Если случалась надобность поднять в поход все «великое» войско, то предварительно рассылались по городкам грамотки, чтобы казаки сходились для ратного дела. Шумит, волнуется большая площадь города Черкасска, она полна казачеством из ближних и дальних концов. Тут весь Дон на лицо, со своими детками – с берегов Донца, Хопра, Воронежа, Медведицы, Сала, Маныча… Старые, бывалые казаки, украшенные сабельными рубцами, держат себя степенно, ведут между собой беседу тихую; среди молодых идут толки о том, куда-то поведут атаманы молодцов? Старики сказывают, что под город Астрахань, им же хотелось бы пошарпать турок… Шум, перебранка, толкотня становятся все больше и больше; но, вот, толпа почему-то стихла. Чинно становится в круг: это, значит, показались регалии. Из войсковой избы вынесли Белый бунчук, пернач и бобылев хвост (так называлось древко с золотым шариком наверху, украшенным двуглавым орлом и белым конским хвостом). За регалиями выступают есаулы, за ними – войсковой атаман, с булавою в руках. Он остановился посредине круга, есаулы, положив на землю свои жезлы и шапки, прочли молитву, поклонились сначала атаману, потом всему православному воинству, снова надели шапки и с жезлами в руках приступили за приказом. Атаман что-то тихо им сказал. «Помогите, атаманы-молодцы!» – возгласили есаулы: «Белый Царь шлет вам поклон, приказать спросить о вашем здоровье! Он учинил размир с турками и шлет нас промышлять над крымцами!..» По малом времени есаулы спросили: «Любо-ли вам, атаманы-молодцы?» – «Любо, любо!» – отвечало казачество в один голос.

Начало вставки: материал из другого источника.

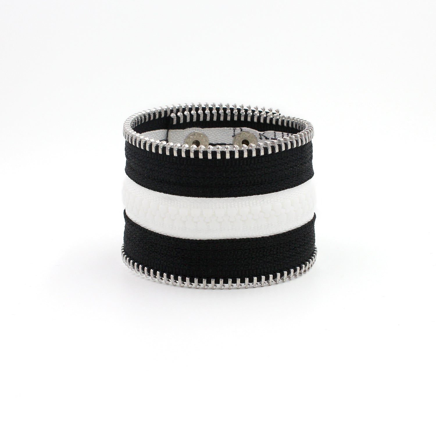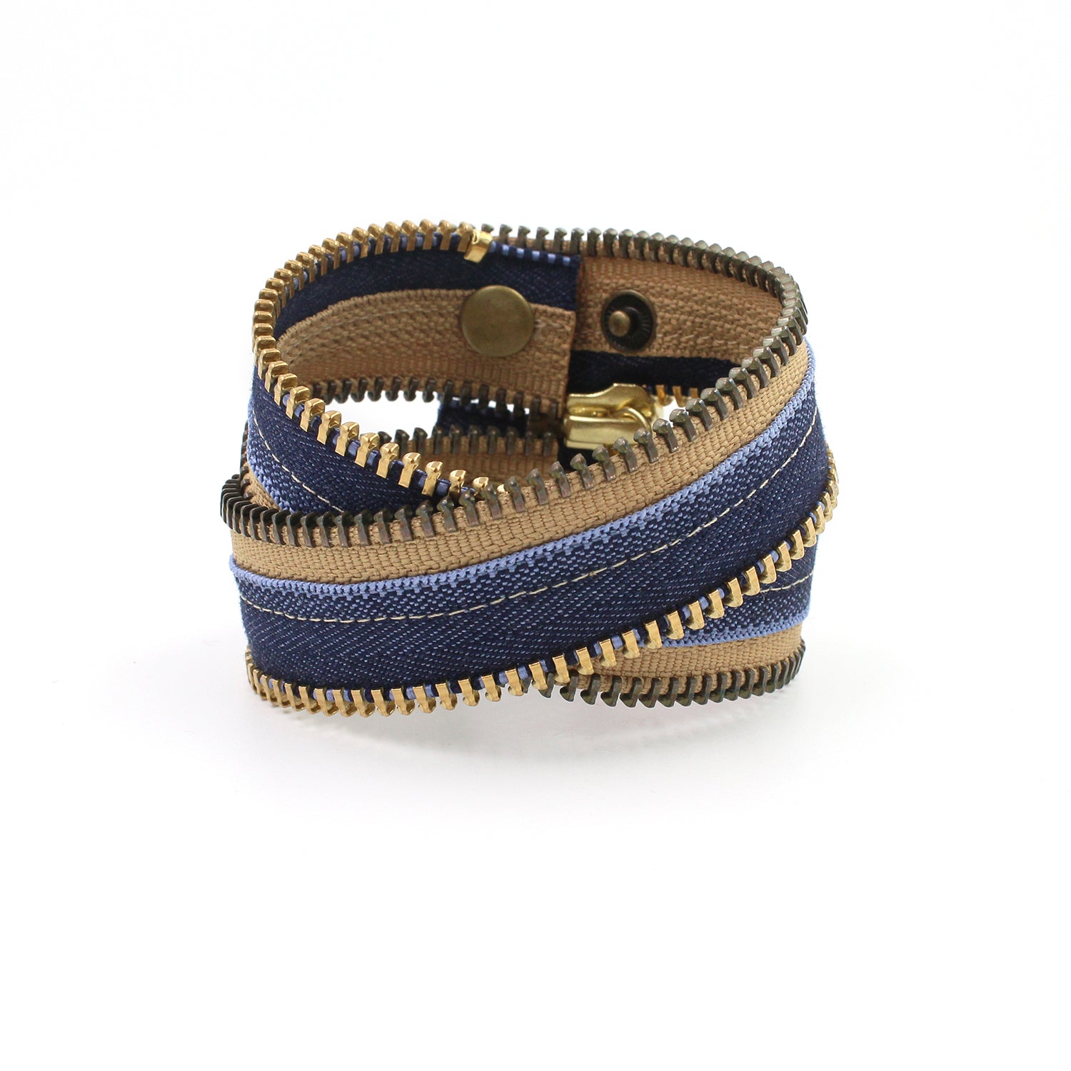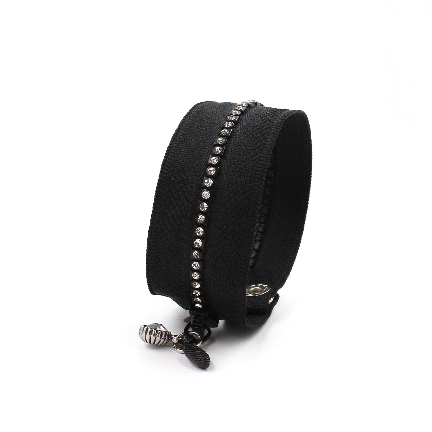 $35.00 USD$0.00 USDAvailable: Out Of Stock :-(Jazz up your jeans zipper bracelet. Blue jeans inner zipper with silver teeth. Black outer zipper with oversized crystal teeth. Black topstitch. Nickel snaps. Nickel zipper pull. Bracelet width: 2.25" (including the crystals)Size: Adjustable 2 ways, 7" and 7 3/4" (Small/Medium to Large)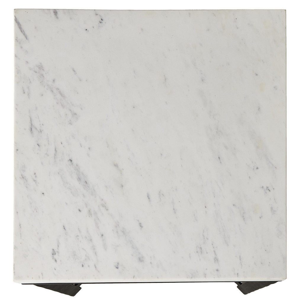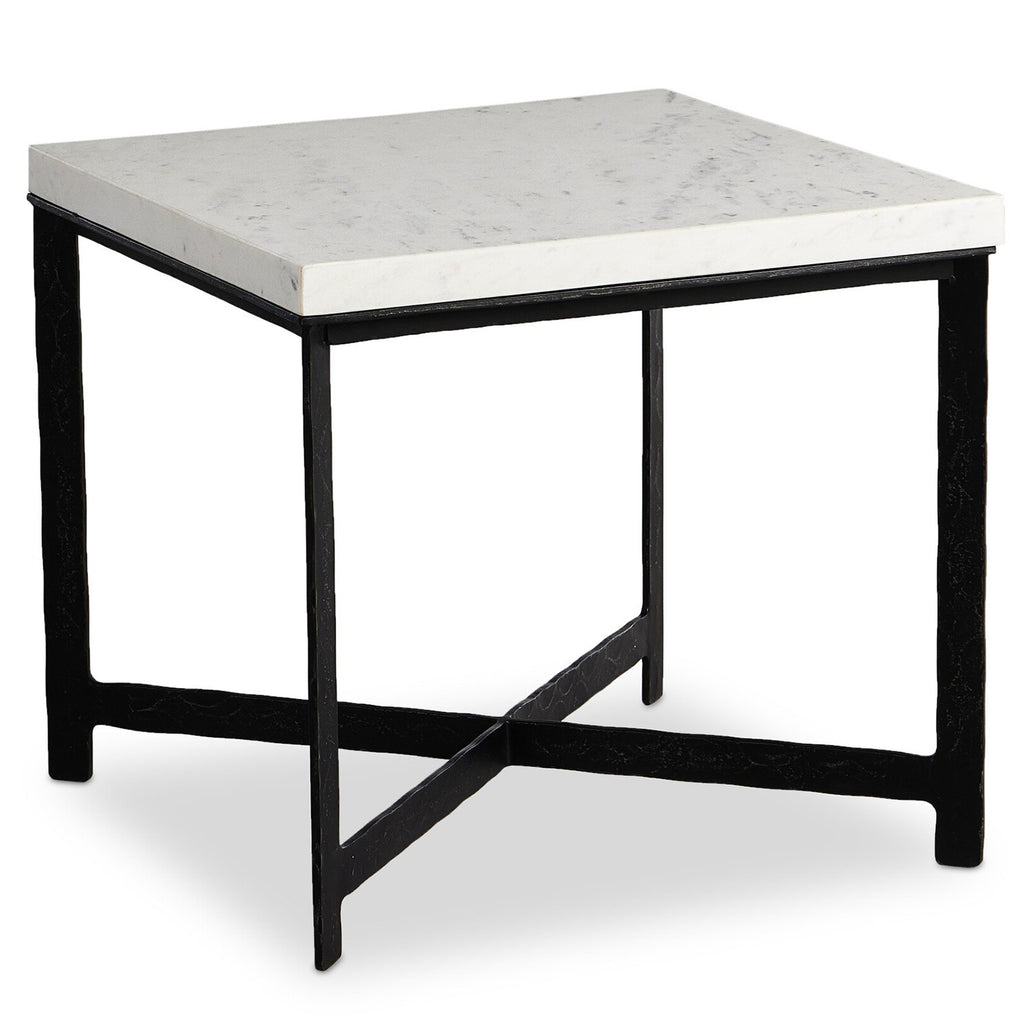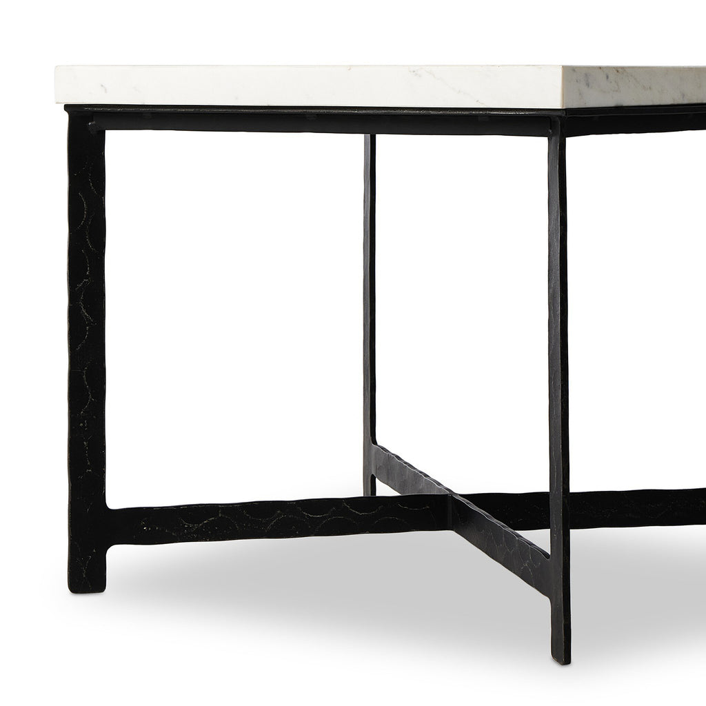 An open, hand-hammered base of black iron supports a squared top of white marble, for a beautifully streamlined look with rustic vibes.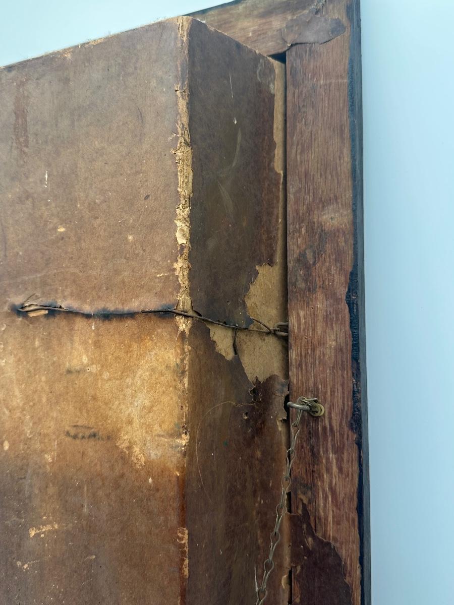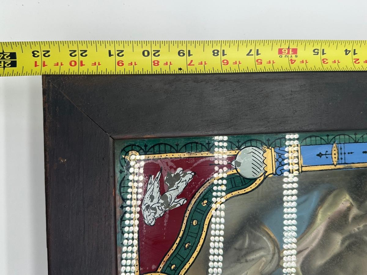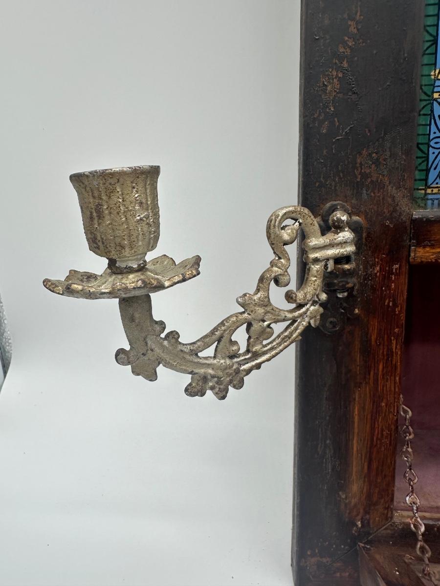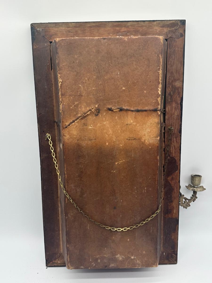 Vintage Catholic devotional wall shrine shadow box featuring a Pietà image of the Virgin Mary holding Christ, with the inscription “Blessed Be Thy Holy Name,” and a lower panel depicting The Last Supper. Displays beautiful, rich colors. Wooden shadow box frame with cast metal side candle arms and a hinged lower compartment lined in fabric. Surface wear, finish loss, and patina consistent with age; interior fabric shows wear.
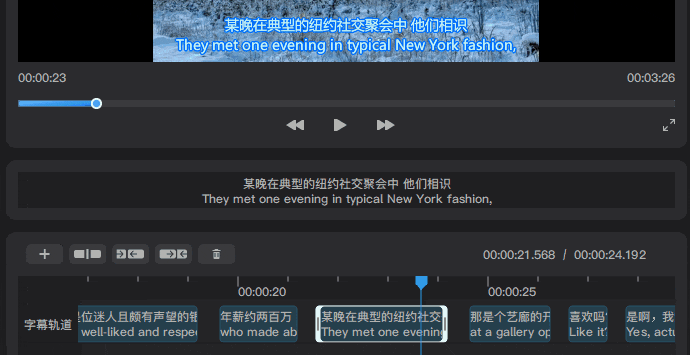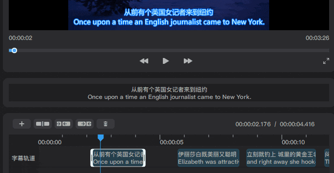 拆分双语或多语字幕:点击选择字幕块后,和拆分单语字幕一样将第一行(第一种语言)的字幕内容拆分,字幕块一分为二后再手动校正两个字幕块中第二行(第二种语言)的字幕内容。

Впрочем, войсковое начальство не всегда объявляло в кругу, куда именно назначен поход, а просто приговаривали: «…идти на море», или «собираться в поход». Это делали из опасения, чтобы не проведали азовцы. Для походного времени все казачество делилось по сумам: 10–20 человек держали в походе общую суму, в которой хранили как запасы, так и добычу. До сих пор уцелел между казаками этот обычай, как равно и самое название «одно-сум», в роде как бы – друг, товарищ. Жены таких казаков считаются тоже в свойстве: «Здравствуй, односумка!» говорят при встречах. Вообще, в старину казаки жили проще, дружнее и, как не озабоченные хозяйством, – веселее. В городках казаки обыкновенно собирались каждый день на площадь или к станичной избе. Сидя кружком, казаки плели сети, слушали богатырские рассказы или пели богатырские песни, из которых каждая начиналась припевом: «Да взду-най-най ду-на-на, взду-най Дунай!» В Черкасске же всегда бывало большое стечение народа, нечто в роде ярмарки. Там толкались торговые люди из украинских городов, гостили проездом турецкие послы с многочисленной свитой, наезжали астраханцы, запорожцы, терские и яицкие казаки – кто за получением вестей, кто для воинского промысла, подыскивать удальцов. Сзади густой толпы народа донцы важно расхаживали, заломив набекрень шапки, при богатом оружии, в самом разнообразном одеянии. Один гуляет в лазоревом зипуне с жемчужным ожерельем, другой выступает в бархатном полукафтане, а на ногах у него простые лапти; третий – в смуром русском кафтанишке, зато у него сапоги расшиты золотом, шапка висит булатная, черкесская, за спиной богатый турецкий сайдак (лук), иной вместо плаща напялит узорчатый ковер. Вон, поглядите на того богатыря: как есть, в шелку да в бархате, уселся в грязь среди улицы и выводит так жалостливо про трех братьев, как они погибали в неволе, что, если кто послушает, прошибет слеза: это уж, наверно, запорожец, да еще подгулявший. Все, что тут есть – и турецкие в золотой оправе ружья, и булатные ножи с черенками из рыбьего зуба, бархат, шелк, атлас – все казачья добыча, своего ничего нет.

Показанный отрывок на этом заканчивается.